Und ist es, um eine dritte sicher auch von den Medien missverstandene Passage herauszugreifen, wirklich ein Zufall, dass Papst Benedikt in unserer Zeit den – vom Recht abgekommenen – Staat gleich zweimal ausdrücklich mit einer Räuberbande gleichsetzt? Auch hier der Wortlaut: „Natürlich wird ein Politiker den Erfolg suchen, der ihm überhaupt die Möglichkeit politischer Gestaltung eröffnet. Aber der Erfolg ist dem Maßstab der Gerechtigkeit, dem Willen zum Recht und dem Verstehen für das Recht untergeordnet. Erfolg kann auch Verführung sein und kann so den Weg auftun für die Verfälschung des Rechts, für die Zerstörung der Gerechtigkeit. ‚Nimm das Recht weg – was ist dann ein Staat noch anderes als eine große Räuberbande’, hat der heilige Augustinus einmal gesagt. Wir Deutsche wissen es aus eigener Erfahrung, dass diese Worte nicht ein leeres Schreckgespenst sind. Wir haben erlebt, dass Macht von Recht getrennt wurde, dass Macht gegen Recht stand, das Recht zertreten hat und dass der Staat zum Instrument der Rechtszerstörung wurde – zu einer sehr gut organisierten Räuberbande, die die ganze Welt bedrohen und an den Rand des Abgrunds treiben konnte. Dem Recht zu dienen und der Herrschaft des Unrechts zu wehren ist und bleibt die grundlegende Aufgabe des Politikers.
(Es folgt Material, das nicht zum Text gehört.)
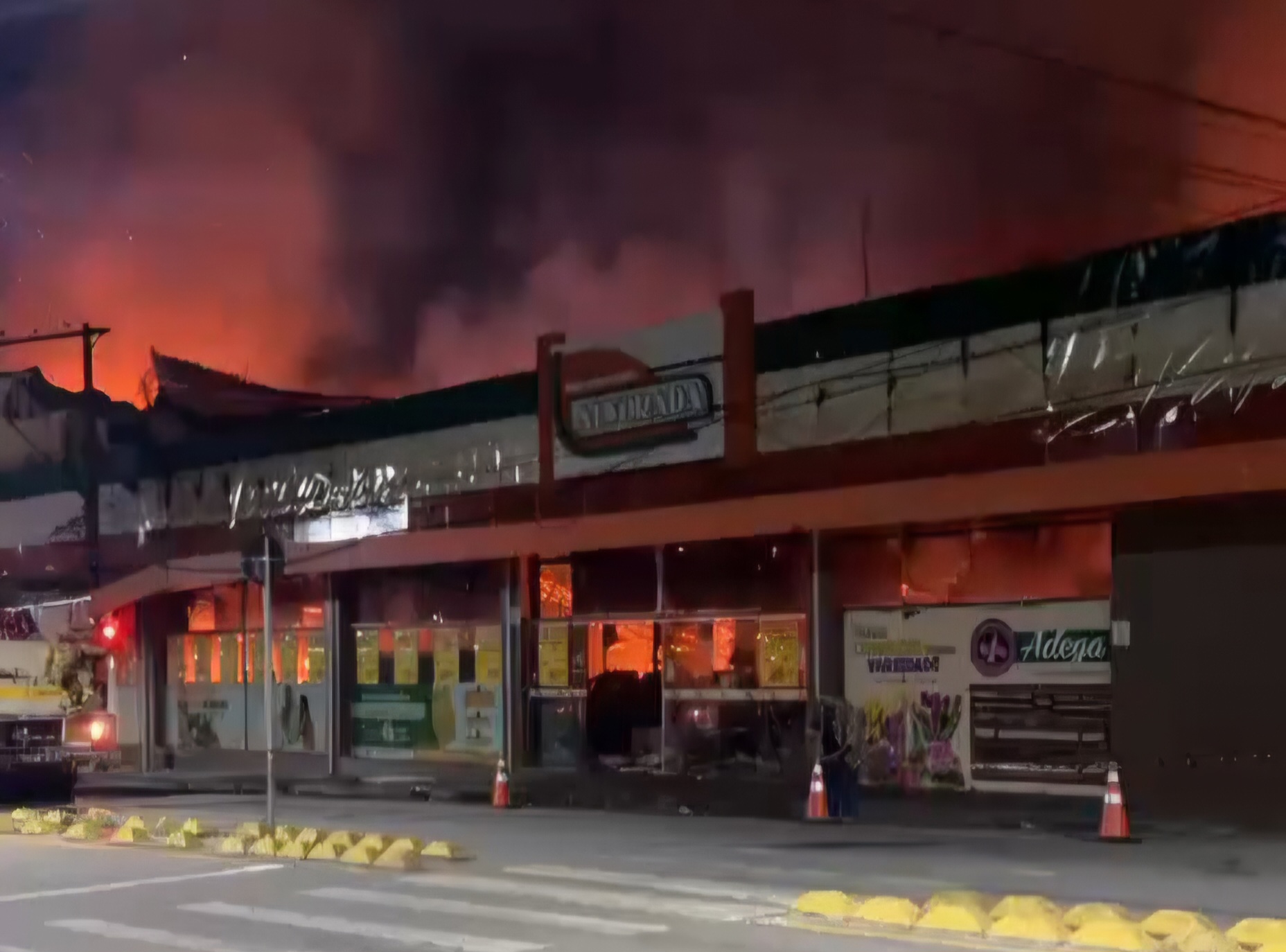 Supermercado Alvorada é destruído por incêndio durante a madrugada de 20 de abril. Imagem redes sociais.
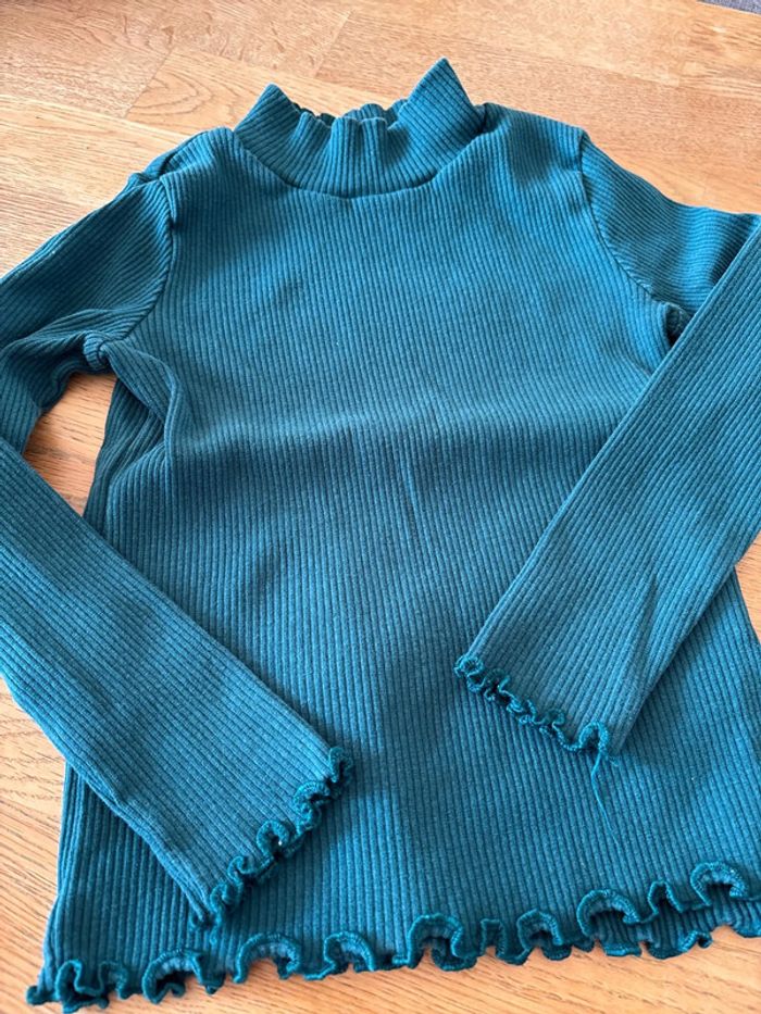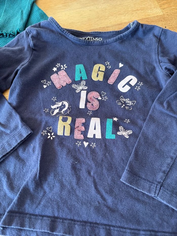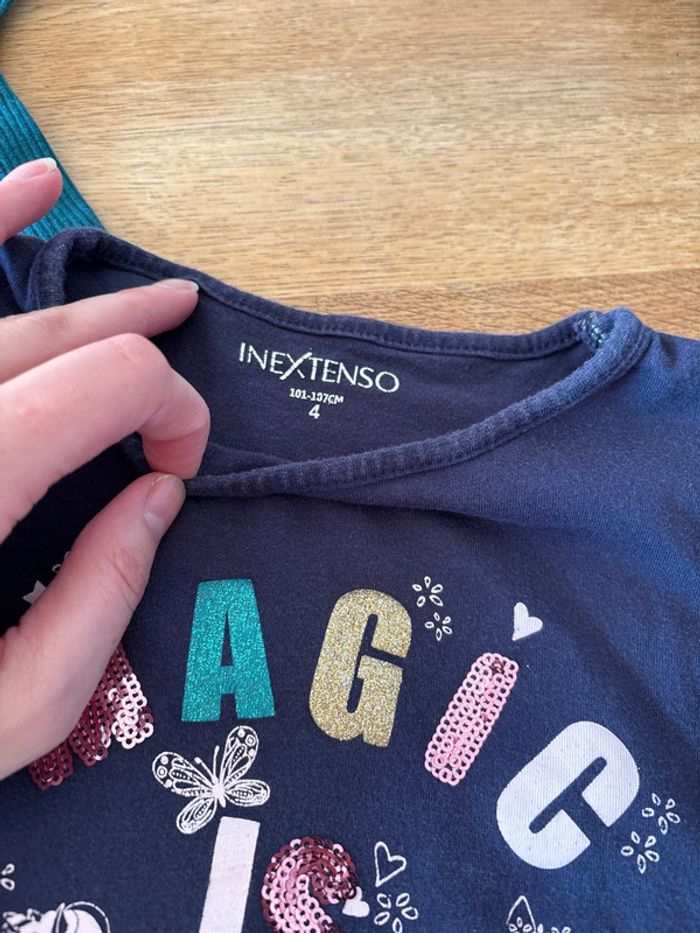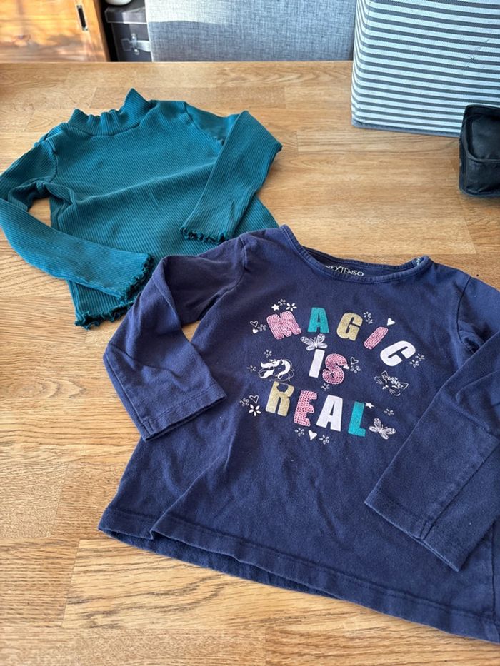 Lot de 2 tshirts manches longues en 4 ans 1 bleu marine avec paillettes et dessin in extenso 1 bleu canard avec col montant et froufrou

In einer historischen Stunde, in der dem Menschen Macht zugefallen ist, die bisher nicht vorstellbar war, wird diese Aufgabe besonders dringlich.“

Ein erstes Fazit: Es war eine historische, grandiose Rede auf allerhöchstem Niveau. Das Gegenteil von alltäglichem Populismus und zunehmender Rechtlosigkeit, die sonst so im hohen Haus verkündet werden. Verstanden haben die Rede und damit das Anliegen Benedikts XVI. vermutlich nur wenige Zuschauer und vielleicht kein Politiker und Journalist. Aber das kennt er ja.